The core \(\mathcal{D}_0\) of the Dendrimer graph contains a cycle of order \(n^\prime \). In the case of an even \(n^\prime \), it is easy to observe that an edge e of the cycle \(\mathcal{C}\) of \(\mathcal{D}_{d,h}\) is in relation \(\theta \) with its antipodal edge on \(\mathcal{C}\) and if the order of the cycle is odd, then all the edges will be in the same \(\theta ^*\)-class.

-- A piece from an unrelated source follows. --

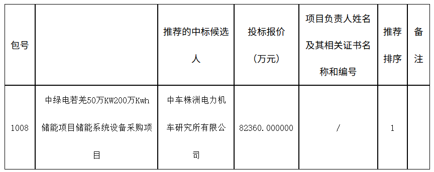 该项目装机容量500MW/2000MWh,中车株洲所以总报价82360万元,折合单价0.4118元/Wh,成为中标候选人。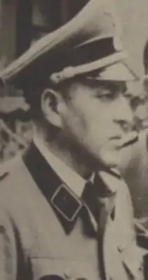 On 27 April 1945, Högl was sent out from the Chancellery to find Heinrich Himmler's liaison man in Berlin, SS-Gruppenführer and Generalleutnant of the Waffen-SS Hermann Fegelein who had abandoned his post at the Führerbunker.[5] Fegelein was caught by the RSD squad in his Berlin apartment, wearing civilian clothes and preparing to flee to Sweden or Switzerland. He was carrying cash—German and foreign—and jewellery, some of which belonged to Eva Braun. Fegelein was intoxicated when arrested by Högl and brought back to the Führerbunker where he was kept in a makeshift cell.[5] The following evening, Hitler was informed of the BBC broadcast of a Reuters news report about Himmler's attempted negotiations with the Western Allies via Count Folke Bernadotte of Sweden.[6] Hitler in a rage ordered Himmler's arrest.[7] Further, a military tribunal was ordered by Hitler to court-martial Fegelein. Waffen-SS General Wilhelm Mohnke presided over the tribunal which included Generals Rattenhuber, Hans Krebs and Wilhelm Burgdorf. Although he was certain Fegelein was "guilty of flagrant desertion", Mohnke persuaded his fellow judges to close the proceedings and turned the defendant over to General Rattenhuber and his security squad. Mohnke never saw Fegelein again.[8]

Now, we determine the corresponding weighted graphs of the dendrimer graph \(\mathcal{D}_{d,h}\): In category A, we represent the weighted graphs obtained by removing an edge that doesn’t belong to the cycle of the core \(\mathcal{D}_0\), and category B contains the weighted graphs obtained by removing an edge or all the edges of the cycle of the core \(\mathcal{D}_0\).

Each weighted graph from the category A is repeated \(d^i(d-1)n^\prime \) times with \(0\le i \le h\), and if we are in the case of an even cycle, the weighted graph from the category B, that is in the top, is repeated \(\frac{n^\prime }{2}\) times.

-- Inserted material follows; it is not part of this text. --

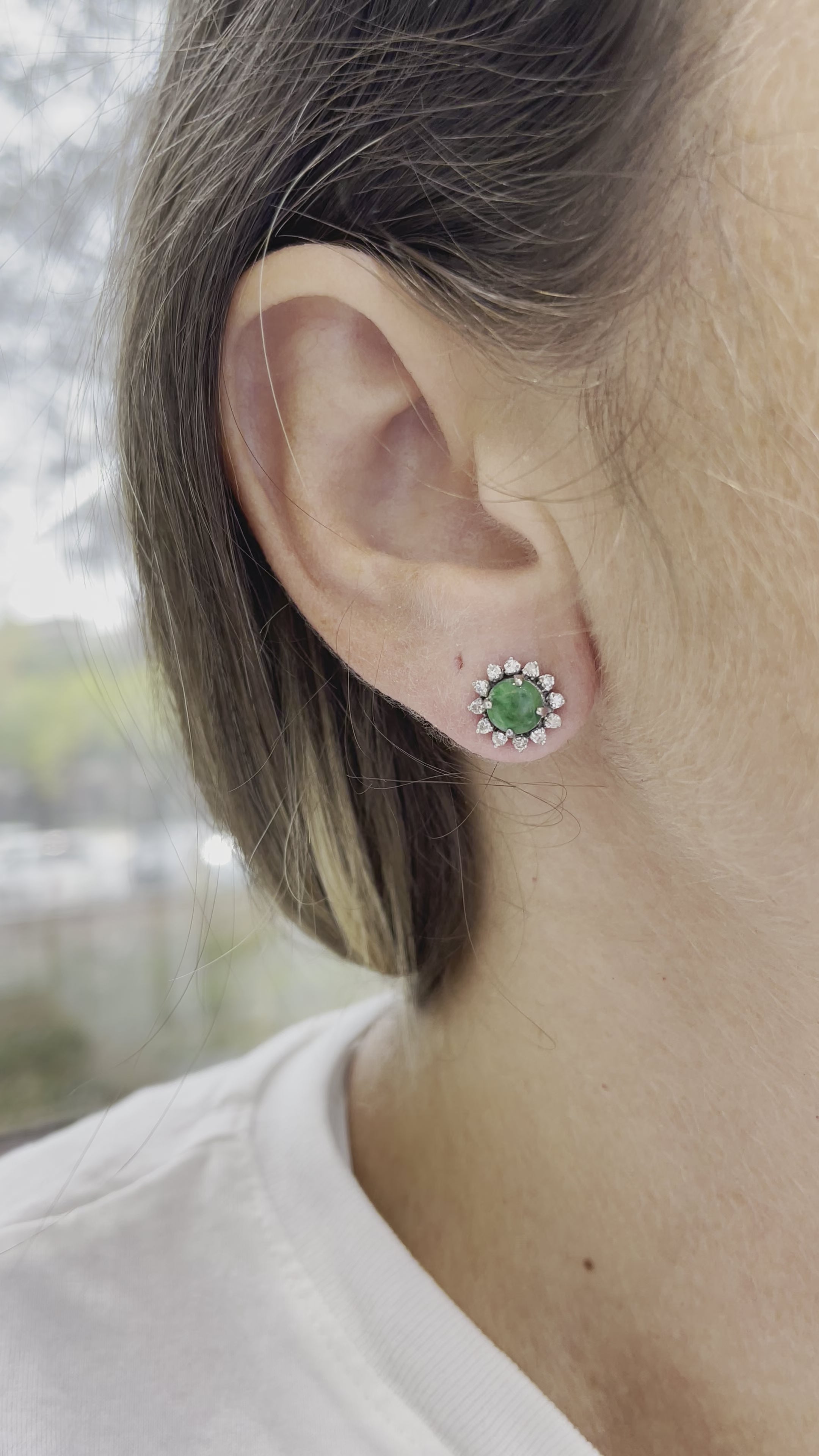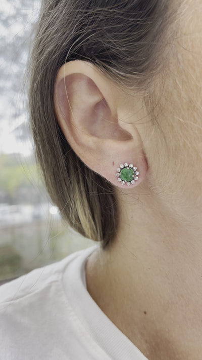 Vintage Ladies 14K White Gold Jade Halo Diamond Stud Earrings

Then, we apply the Theorem 1 with the above representations, the Lemma 3 and the structural properties of \(\mathcal{D}_{d,h}\):

• if \(n^\prime \) is even

  $$\begin{aligned} TW(\mathcal{D}_{d,h})&= \frac{n^\prime }{2}\bigg [ \frac{p_h}{2}\frac{p_h}{2}\bigg ]+\sum _{i=0}^h d^i(d-1)n^\prime \bigg [ \frac{p_h}{n^\prime (d-1)d^i}*\bigg (p_h-\frac{p_h}{n^\prime (d-1)d^i} \bigg ) \bigg ] \end{aligned}$$

• if \(n^\prime \) is odd

  $$\begin{aligned} TW(\mathcal{D}_{d,h})&= \bigg ( \frac{p_h}{n^\prime } \bigg )^2 \bigg (\frac{1}{8}n^{\prime 3}-\frac{1}{8}n^\prime \bigg )+\sum _{i=0}^h d^i(d-1)n^\prime \bigg [ \frac{p_h}{n^\prime (d-1)d^i}\bigg (p_h-\frac{p_h}{n^\prime (d-1)d^i} \bigg ) \bigg ] \end{aligned}$$

Which yield the Eqs. 15, 16, respectively.    \(\square \)

Table 2. The numerical result of the Terminal Wiener index of the dendrimer graph \(\mathcal{D}_{d,h}\)

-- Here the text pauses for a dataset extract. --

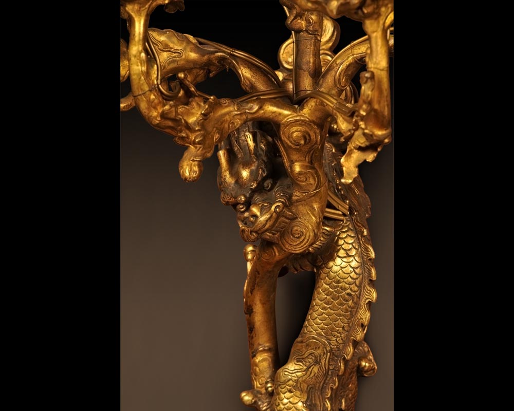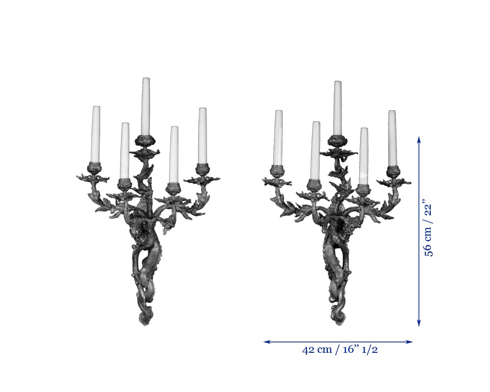 A dragon in the Chinese style gracefully wraps his slender body around a branch of stylized branches. The inspiration for these sconces comes from the Orient, more specifically China, and they express the taste for Oriental art in vogue at the end of the 19th century. This was the result of the opening of Asia to the West, through their participation in international exhibitions, as well as the collections that were formed by wealthy and enlightened art collectors, such as Henri Cernuschi or the Empress Eugénie who installed a Chinese Museum at Fontainebleau. These contacts meant there was a new decorative repertory, greatly appreciated, that the designers of the 19th century could draw upon when creating elegant new objects for their clientele.

The Numerical Result: In Table 2, we present some values of the Terminal Wiener index of the Dendrimer graph \(\mathcal{D}_{d,h}\). Such that, we take into consideration the parity of \(n^\prime \). In general, this measure shows an increasing change by modifying the values of parameters.

5 Concluding Remarks

The computation of topological indices is an important task in the study of structural properties of networks. In this paper, we have calculated the Terminal Wiener index of two hierarchical networks: the Dendrimer tree and the Dendrimer graph. In order to show the computational complexity of this index, we have investigated two methods of computation. The first method is based on a re-formula of the Terminal Wiener index and its complexity is dominated by computing all shortest paths at a given distance. The second method is based on the edge-partitions and its efficiency is in the fact that it reduces the original network into smaller components and avoids the computation of all shortest paths.